### Records from a collection
________________

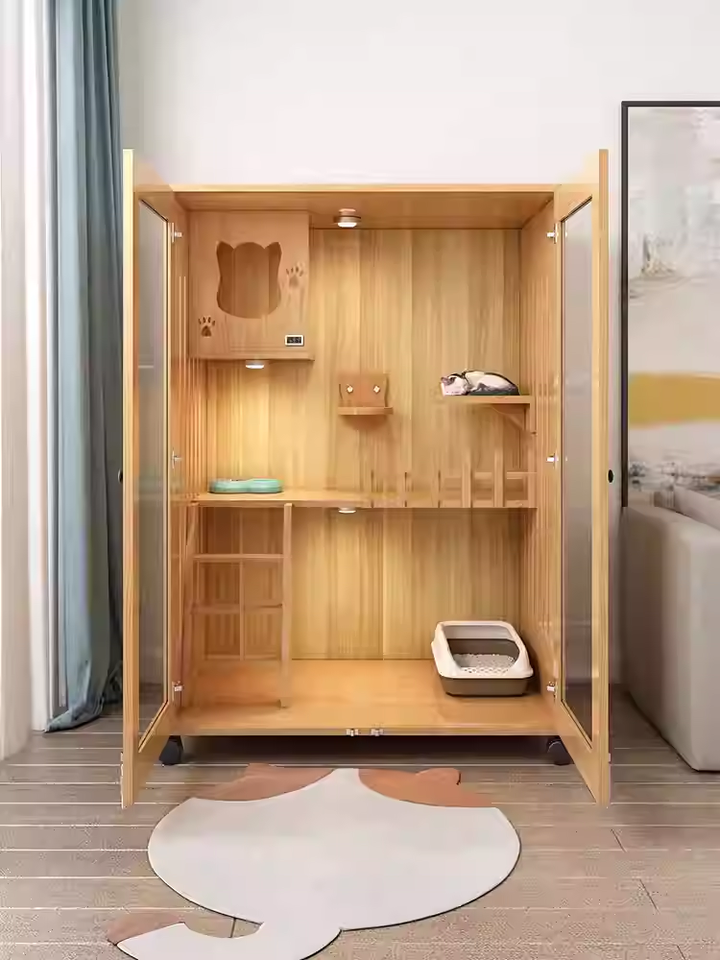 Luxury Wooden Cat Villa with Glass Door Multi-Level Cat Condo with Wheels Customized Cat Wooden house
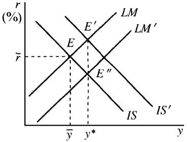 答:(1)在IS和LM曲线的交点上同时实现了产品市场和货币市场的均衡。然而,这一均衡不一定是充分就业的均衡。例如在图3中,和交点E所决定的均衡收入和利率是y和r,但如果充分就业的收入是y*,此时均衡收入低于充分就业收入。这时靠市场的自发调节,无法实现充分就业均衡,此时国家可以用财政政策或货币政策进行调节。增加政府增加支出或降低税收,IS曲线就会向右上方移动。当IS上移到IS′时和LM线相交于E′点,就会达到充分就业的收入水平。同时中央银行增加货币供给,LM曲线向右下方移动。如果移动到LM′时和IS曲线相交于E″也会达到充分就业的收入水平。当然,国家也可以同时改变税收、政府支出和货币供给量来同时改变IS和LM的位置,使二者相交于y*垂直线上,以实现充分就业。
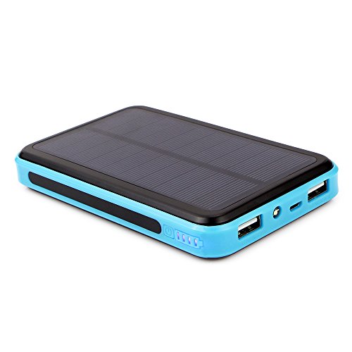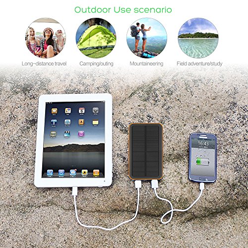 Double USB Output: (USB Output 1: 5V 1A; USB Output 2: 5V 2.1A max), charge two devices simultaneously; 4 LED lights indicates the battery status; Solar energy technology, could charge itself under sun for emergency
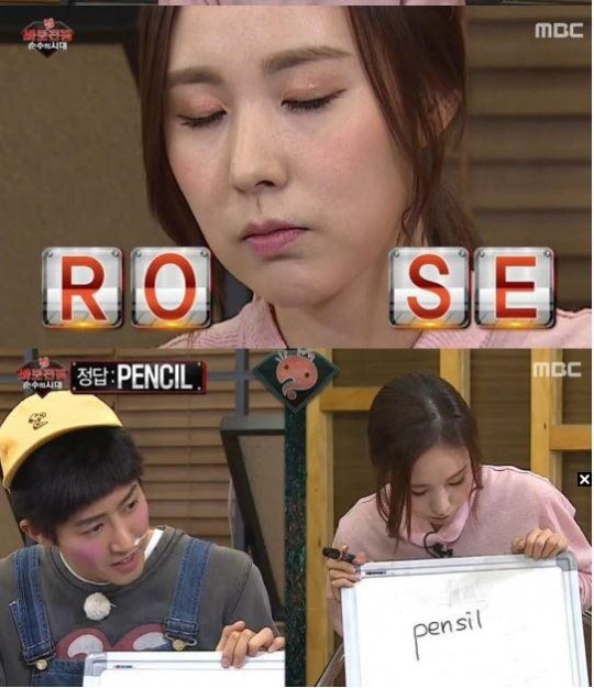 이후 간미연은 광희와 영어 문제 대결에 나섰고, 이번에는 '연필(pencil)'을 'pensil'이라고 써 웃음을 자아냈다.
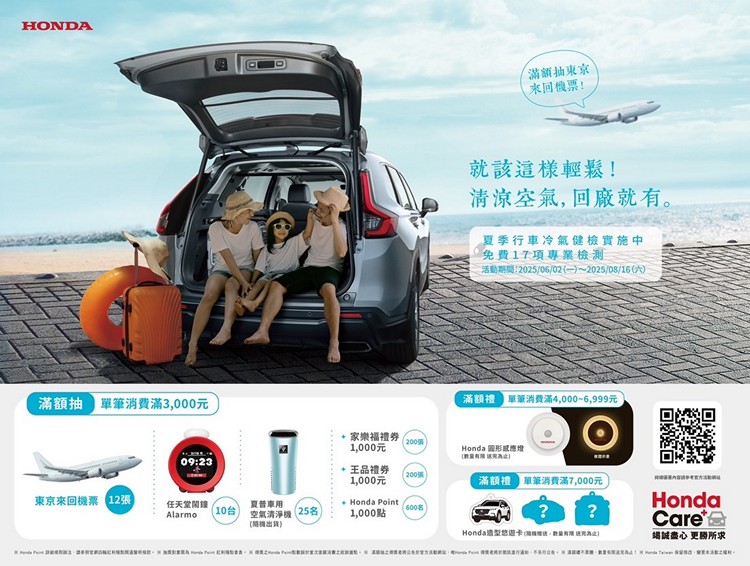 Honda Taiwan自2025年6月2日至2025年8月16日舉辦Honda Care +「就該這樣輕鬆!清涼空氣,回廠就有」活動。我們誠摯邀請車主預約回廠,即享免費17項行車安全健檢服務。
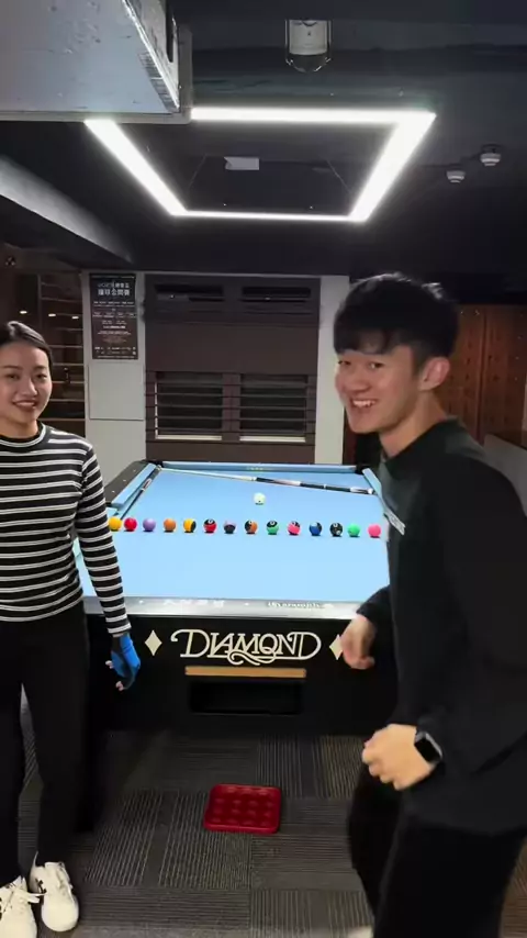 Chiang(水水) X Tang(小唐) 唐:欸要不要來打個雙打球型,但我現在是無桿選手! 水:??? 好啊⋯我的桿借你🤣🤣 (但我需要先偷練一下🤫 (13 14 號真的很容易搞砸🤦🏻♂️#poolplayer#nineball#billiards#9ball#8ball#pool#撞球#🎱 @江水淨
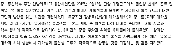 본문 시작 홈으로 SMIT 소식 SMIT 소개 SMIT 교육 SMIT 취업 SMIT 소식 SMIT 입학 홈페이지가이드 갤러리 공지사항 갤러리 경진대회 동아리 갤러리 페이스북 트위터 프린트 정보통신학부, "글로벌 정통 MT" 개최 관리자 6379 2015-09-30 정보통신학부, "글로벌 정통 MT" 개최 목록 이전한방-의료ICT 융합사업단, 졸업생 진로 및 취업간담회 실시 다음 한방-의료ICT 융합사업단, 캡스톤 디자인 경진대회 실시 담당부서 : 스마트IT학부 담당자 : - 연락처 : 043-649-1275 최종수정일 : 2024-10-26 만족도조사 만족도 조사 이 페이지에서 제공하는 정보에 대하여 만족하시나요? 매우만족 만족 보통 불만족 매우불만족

________________

### Exercise
Print nothing except the lines above from the one containing "答:(1)在IS和LM曲线的" down to the one containing "이후 간미연은 광희와", both included, exactly as written and free of pictures.

### Result for this exercise
 答:(1)在IS和LM曲线的交点上同时实现了产品市场和货币市场的均衡。然而,这一均衡不一定是充分就业的均衡。例如在图3中,和交点E所决定的均衡收入和利率是y和r,但如果充分就业的收入是y*,此时均衡收入低于充分就业收入。这时靠市场的自发调节,无法实现充分就业均衡,此时国家可以用财政政策或货币政策进行调节。增加政府增加支出或降低税收,IS曲线就会向右上方移动。当IS上移到IS′时和LM线相交于E′点,就会达到充分就业的收入水平。同时中央银行增加货币供给,LM曲线向右下方移动。如果移动到LM′时和IS曲线相交于E″也会达到充分就业的收入水平。当然,国家也可以同时改变税收、政府支出和货币供给量来同时改变IS和LM的位置,使二者相交于y*垂直线上,以实现充分就业。
 Double USB Output: (USB Output 1: 5V 1A; USB Output 2: 5V 2.1A max), charge two devices simultaneously; 4 LED lights indicates the battery status; Solar energy technology, could charge itself under sun for emergency
 이후 간미연은 광희와 영어 문제 대결에 나섰고, 이번에는 '연필(pencil)'을 'pensil'이라고 써 웃음을 자아냈다.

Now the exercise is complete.